Шеф сидел в кресле развалясь, и расстегнутый ворот его рубашки лишний раз давал понять, что этот вызов не носил официального характера. Слейн, не ожидая приглашения, опустился на стул и только тогда ответил:
- Живу благополучно. Немного лучше, чем наш швейцар, и намного хуже, чем наш редактор. А что, вы намерены внести коррективы в мое существование?
Редактор захохотал.
- Честное слово, Слейн, я всегда высоко ценил ваши способности, ваш веселый характер и… вашу независимость! Курите, - он пододвинул коробку с сигарами. - Скажите-ка, у вас есть какие-нибудь планы на ближайшее время?
- Если вы увеличите мне гонорар и дадите месяц отпуска, я бы съездил отдохнуть на побережье. Других планов нет.
- Я и сам не отказался бы от побережья, - вздохнул шеф, игнорируя замечание о гонораре. - Черт возьми, здесь адская жара, не правда ли? Нет, советую взять вон ту, черную сигару. Местная, но вполне приличная. Да, так насчет перемены климата, Слейн. Хотите спастись от жары? Хотите в горы, а?
- Лучше бы все-таки на побережье. - Слейн с удовольствием затянулся действительно хорошей сигарой.
- Возможно. Но все-таки вы поедете в горы, на индейскую территорию. (Слейн присвистнул). Там уже и будете свистеть, если захочется. И привезете репортаж о положении индейцев племени тхеллуков. Ну-ну, не делайте квадратные глаза. Сейчас я объясню, в чем дело. Разумеется, я помню вашу статью в этом левом журнале два года назад. Надеюсь, и вы хорошо запомнили те неприятности, которые для вас последовали.

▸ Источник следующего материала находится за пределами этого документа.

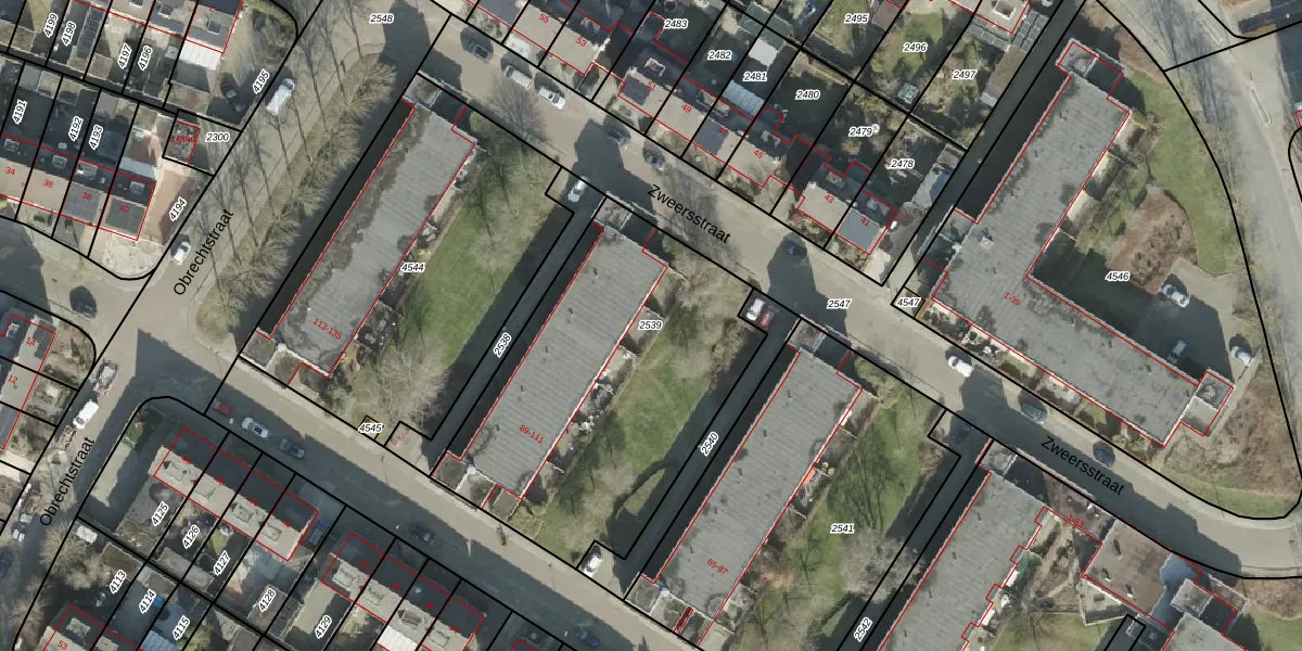 Gebruik de zoekbalk of klik op een perceel om informatie over het perceel te bekijken.

Еще бы! Слейн очень даже помнил. Журнал, издаваемый социалистической партией, напечатал тогда большой обзор Слейна о жизни коренного населения страны, вытесненного в суровые горные местности и вымирающего от нищеты и эпидемий. Статья вызвала бурные отклики со стороны левой прессы и социалистических группировок в стране и за границей. Правительство вынуждено было поставить на обсуждение вопрос о "некоторых ненормальностях" положения индейцев и выделить кое-какие ассигнования для помощи голодающим горцам. Слейн уже готовился было к новой поездке на индейскую территорию. Помешало восстание крестьян, вспыхнувшее у восточной границы. Под благовидным предлогом "красной опасности" правительство объявило в стране чрезвычайное положение, и под патриотическую шумиху обрадованная полиция разгромила и левые редакции, и многие социалистические группировки. Слейн потерял работу, приобрел пугающую репутацию "красного" и долго пробавлялся случайным заработком, пока его наконец не прибрала к рукам редакция "Экспрессо", вполне лояльная к правительственным кругам и финансируемая двумя крупными монополиями. Здесь ему дозволялось писать сообщения о мелких происшествиях, авариях, ограблениях и праздничных церемониях. Редактор бдительно вычеркивал из его статей всякие "настроения" и вообще держал нового сотрудника в черном теле. Все это удручало и бесило, но деться было некуда.
"Вот и все, - подумал Слейн. - Меня похвалили за независимость и сразу поставили на свое место".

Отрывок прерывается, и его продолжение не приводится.